/lerobot-upload-dataset

🤗 LeRobot: End-to-end Learning for Real-World Robotics in Pytorch

Primary LanguagePythonApache License 2.0Apache-2.0

Add a new dataset

To add a dataset to the hub, you need to login using a write-access token, which can be generated from the Hugging Face settings:

huggingface-cli login --token ${HUGGINGFACE_TOKEN} --add-to-git-credential

Also install the ffmpeg encoder with the libx264 codecs. Do not install it with apt install, try conda install -c conda-forge ffmpeg.

Then point to your raw dataset folder (e.g. data/aloha_static_pingpong_test_raw), and push your dataset to the hub with:

python lerobot/scripts/push_dataset_to_hub.py \
--raw-dir /path/to/original/dataset
--raw-format <format name>
--repo-id <use_id/user_name>
--local-dir </a/path/user_id/user_name>
--push-to-hub <0 if you dont want upload the dataset, 1 otherwise>
--force-override <0 if you want to override previous converted dataset, 1 otherwise>
--num-workers <choose a smaller number if the computer crashes>

See python lerobot/scripts/push_dataset_to_hub.py --help for more instructions.

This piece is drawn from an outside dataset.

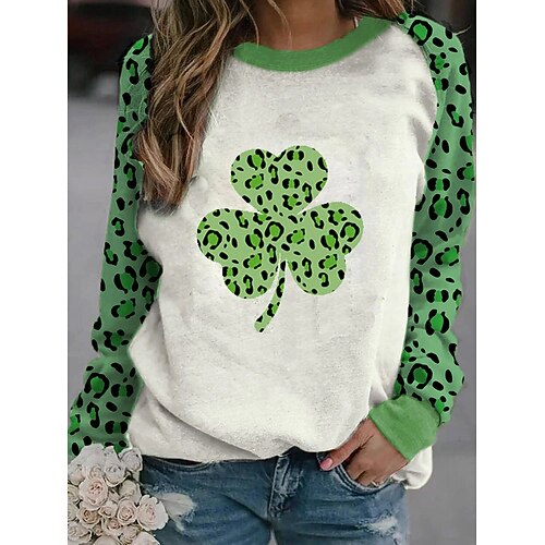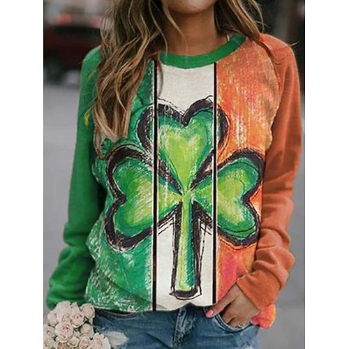 Felpa da donna per il giorno di San Patrizio grafica trifoglio casual manica lunga colletto rotondo top regolari casual stampa vacanza bianca verde autunno inverno
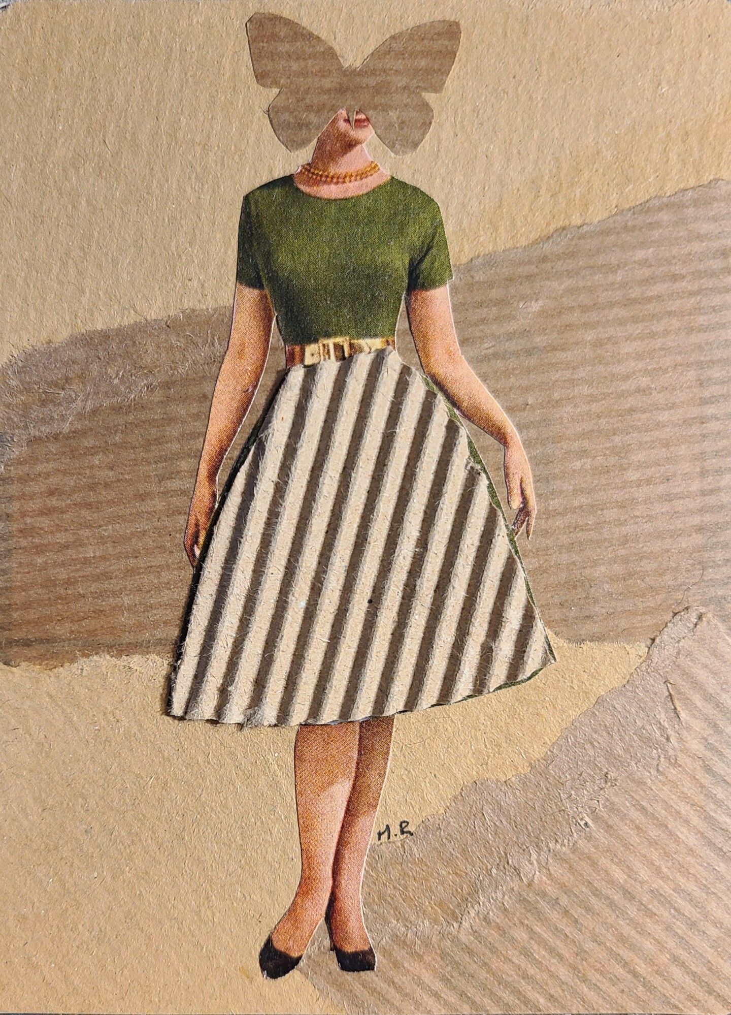 Attirée par la musique dans un premier temps, elle dessine, coud, chante, photographie et c’est finalement le collage et la sculpture qui lui permettront de s’exprimer pleinement.

If your dataset format is not supported, implement your own in lerobot/common/datasets/push_dataset_to_hub/${raw_format}_format.py by copying examples like pusht_zarr, umi_zarr, aloha_hdf5, or xarm_pkl. And then add the format name in push_dataset_to_hub.py here.

An example that transfers our LMDB dataset to LeRobot format

First, install lmdb with pip install lmdb.

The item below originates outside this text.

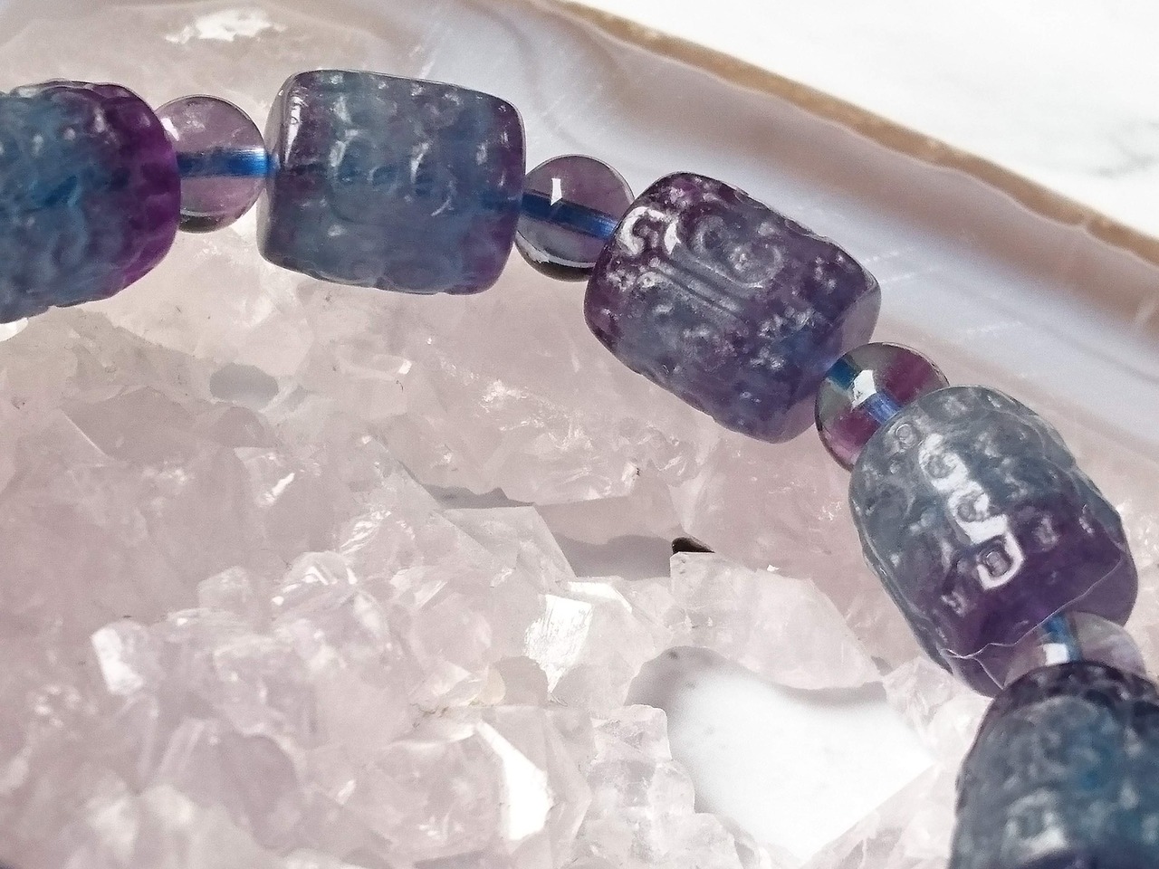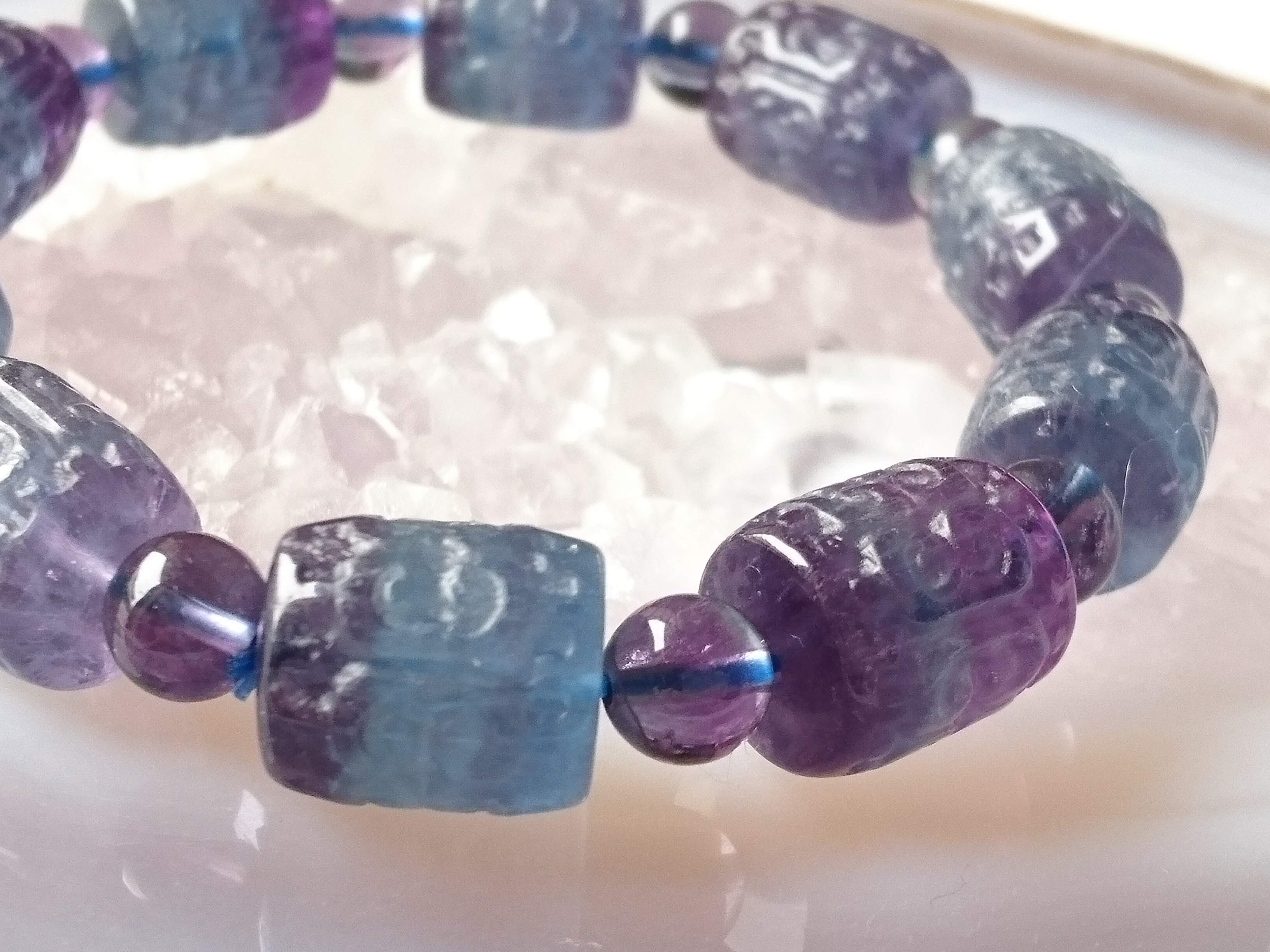 濃いブルー×パープルのファントムフローライトのマニ車彫りです✨

Then download the lmdb dataset of Calvin. I use HF-Mirror to download it. You can set the environment variable export HF_ENDPOINT=https://hf-mirror.com to avoid the connection problem in some regions.

apt install git-lfs aria2 curl
wget https://hf-mirror.com/hfd/hfd.sh
chmod a+x hfd.sh
./hfd.sh StarCycle/calvin_lmdb --dataset --tool aria2c -x 9

Now move the modified lmdb_format.py and push_dataset_to_hub.py to specific locations (I have done that), and run:

python lerobot/scripts/push_dataset_to_hub.py  --raw-dir path/to/lmdb/folder --raw-format lmdb --repo-id StarCycle/test --local-dir StarCycle/test --push-to-hub 0 --force-override 1

HuggingFace does not accept file number more than 10, but calvin has more episodes than that. To satisfy their requirements, I save 100 episodes in an mp4 file.